=== Task instructions ===
Return the line containing "Colgante de ágata" together with every later line up to the end of the records, exactly and with no pictures; return nothing else.

=== Available data ===

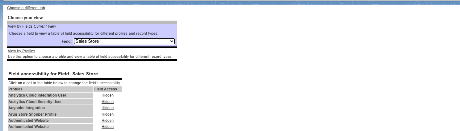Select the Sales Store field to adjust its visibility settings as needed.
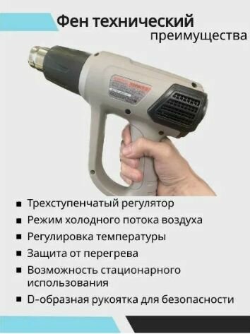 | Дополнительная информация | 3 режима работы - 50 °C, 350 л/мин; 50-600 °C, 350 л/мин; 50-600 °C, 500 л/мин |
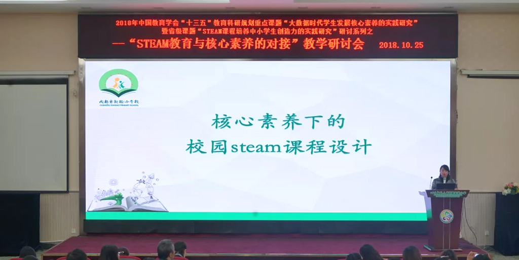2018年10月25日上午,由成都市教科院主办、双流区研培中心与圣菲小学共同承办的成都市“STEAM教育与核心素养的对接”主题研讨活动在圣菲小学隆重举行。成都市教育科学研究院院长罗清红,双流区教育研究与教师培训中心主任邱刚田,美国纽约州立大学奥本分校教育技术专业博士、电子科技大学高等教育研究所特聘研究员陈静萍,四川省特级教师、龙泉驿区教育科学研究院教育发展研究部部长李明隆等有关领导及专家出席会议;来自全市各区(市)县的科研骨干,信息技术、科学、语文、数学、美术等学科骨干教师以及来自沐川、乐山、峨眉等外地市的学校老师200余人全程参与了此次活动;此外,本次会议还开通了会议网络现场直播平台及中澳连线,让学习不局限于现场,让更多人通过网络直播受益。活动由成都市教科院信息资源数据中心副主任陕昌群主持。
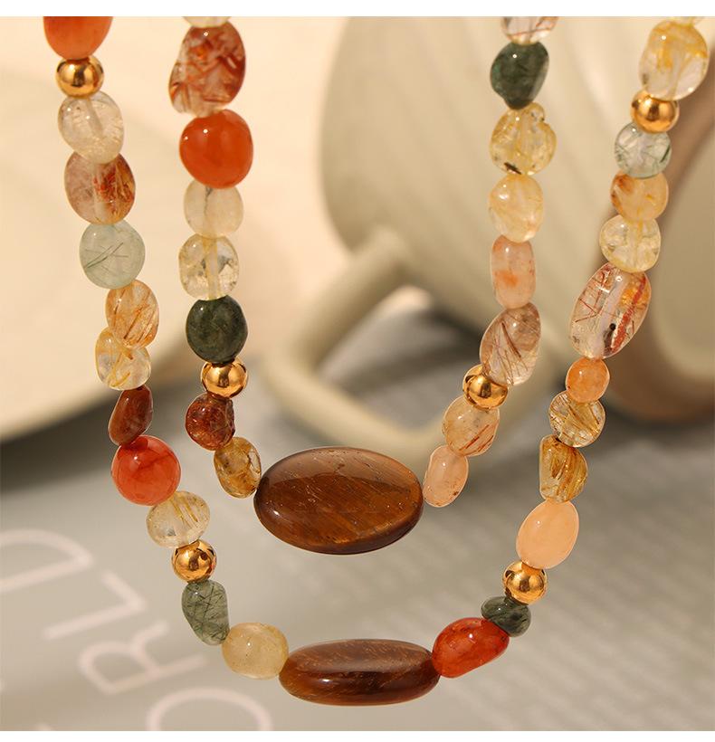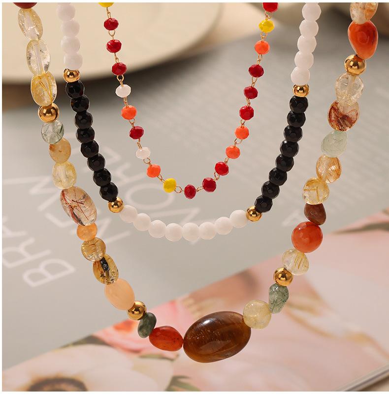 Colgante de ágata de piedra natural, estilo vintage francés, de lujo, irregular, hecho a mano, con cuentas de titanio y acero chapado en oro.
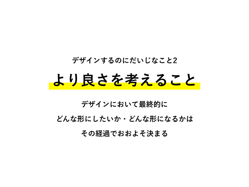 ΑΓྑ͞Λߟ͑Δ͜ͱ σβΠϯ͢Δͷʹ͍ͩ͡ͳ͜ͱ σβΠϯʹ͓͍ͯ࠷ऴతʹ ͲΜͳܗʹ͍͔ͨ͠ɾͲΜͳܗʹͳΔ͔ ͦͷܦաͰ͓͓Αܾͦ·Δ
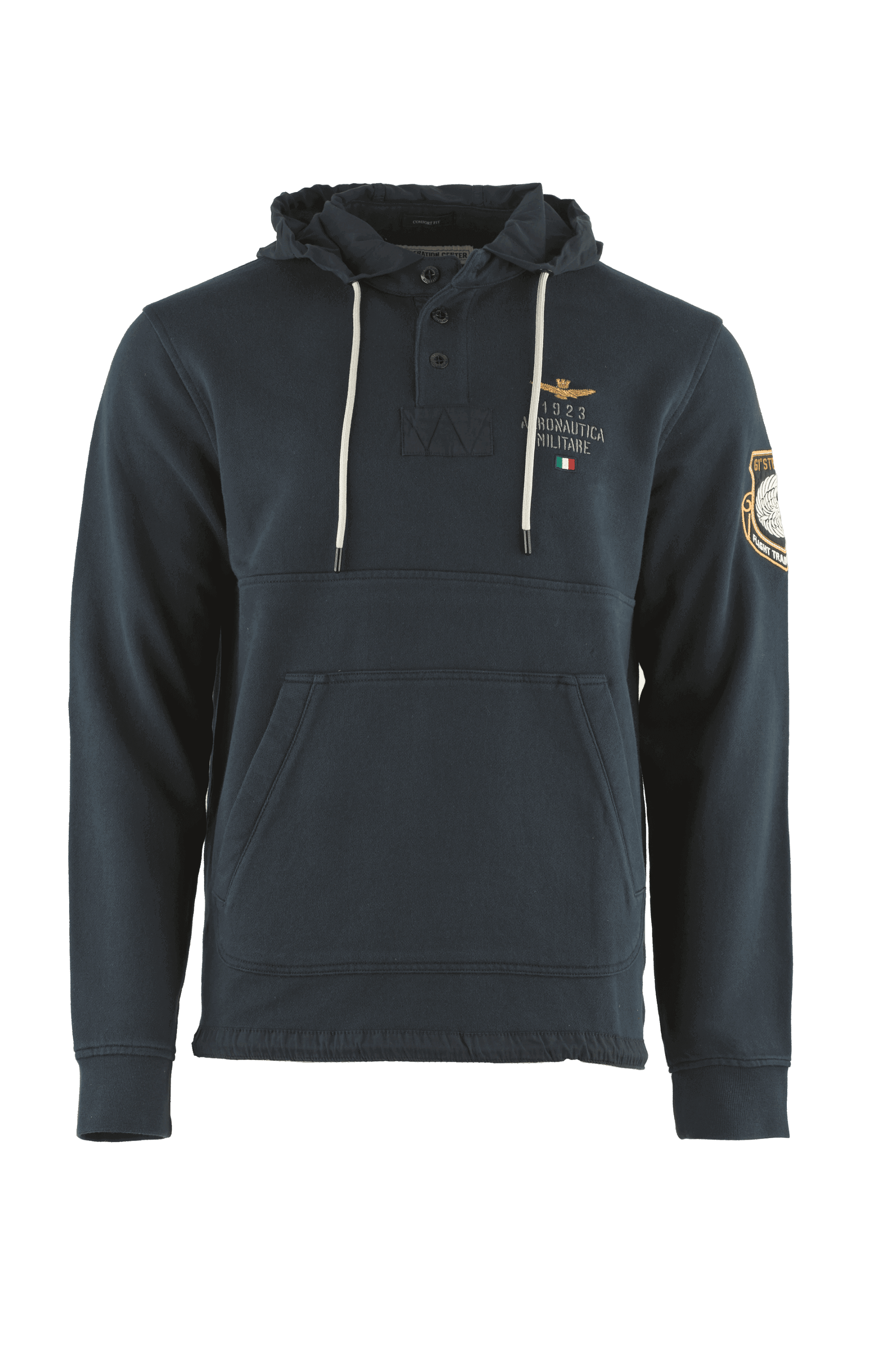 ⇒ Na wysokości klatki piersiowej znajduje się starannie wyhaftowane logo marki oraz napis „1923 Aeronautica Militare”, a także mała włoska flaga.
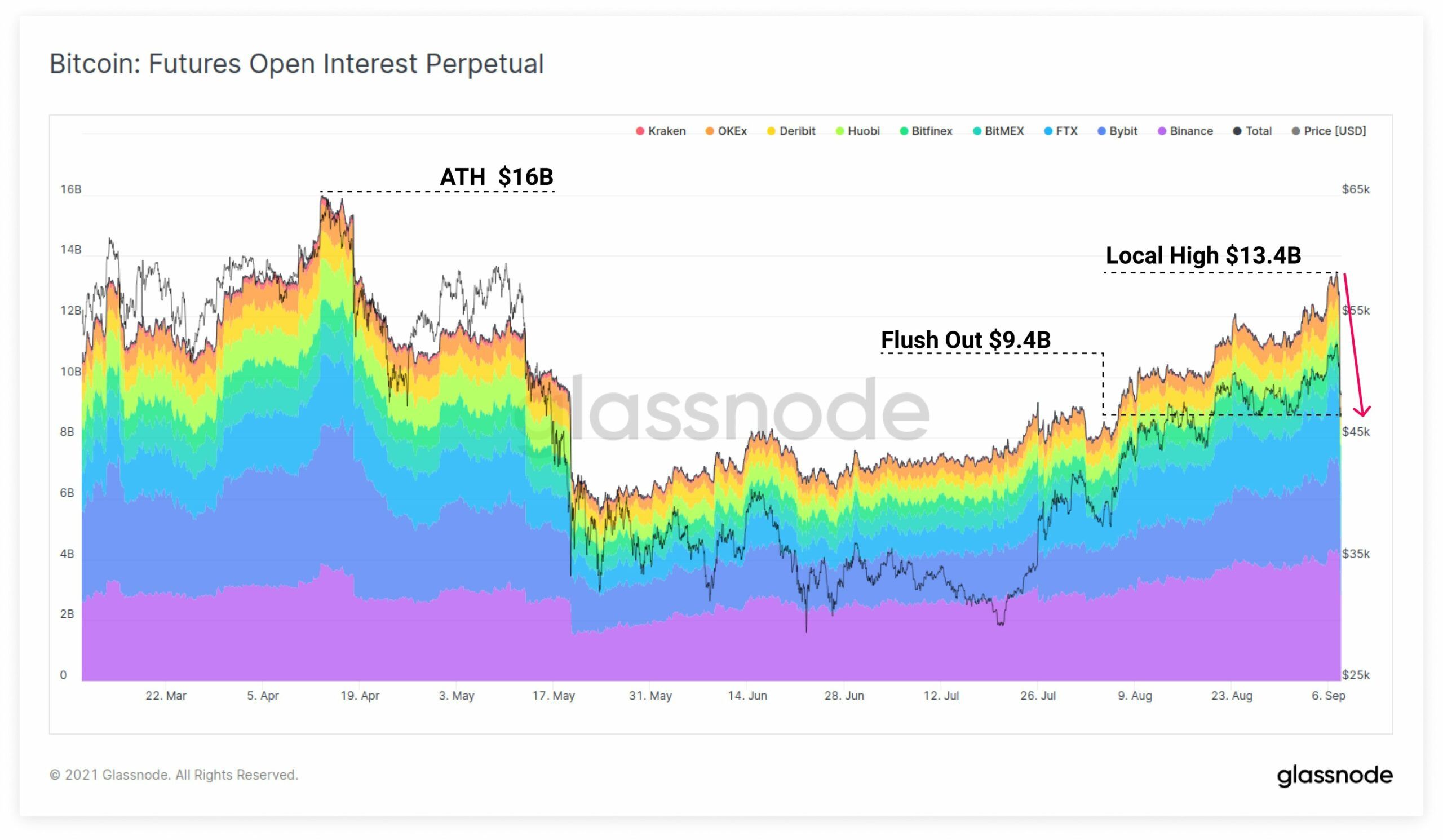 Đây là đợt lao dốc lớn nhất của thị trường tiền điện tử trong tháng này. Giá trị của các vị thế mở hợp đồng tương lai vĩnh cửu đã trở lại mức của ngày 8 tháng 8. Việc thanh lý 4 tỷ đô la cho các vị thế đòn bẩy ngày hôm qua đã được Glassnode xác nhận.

=== Exercise solution ===
 Colgante de ágata de piedra natural, estilo vintage francés, de lujo, irregular, hecho a mano, con cuentas de titanio y acero chapado en oro.
 ΑΓྑ͞Λߟ͑Δ͜ͱ σβΠϯ͢Δͷʹ͍ͩ͡ͳ͜ͱ σβΠϯʹ͓͍ͯ࠷ऴతʹ ͲΜͳܗʹ͍͔ͨ͠ɾͲΜͳܗʹͳΔ͔ ͦͷܦաͰ͓͓Αܾͦ·Δ
 ⇒ Na wysokości klatki piersiowej znajduje się starannie wyhaftowane logo marki oraz napis „1923 Aeronautica Militare”, a także mała włoska flaga.
 Đây là đợt lao dốc lớn nhất của thị trường tiền điện tử trong tháng này. Giá trị của các vị thế mở hợp đồng tương lai vĩnh cửu đã trở lại mức của ngày 8 tháng 8. Việc thanh lý 4 tỷ đô la cho các vị thế đòn bẩy ngày hôm qua đã được Glassnode xác nhận.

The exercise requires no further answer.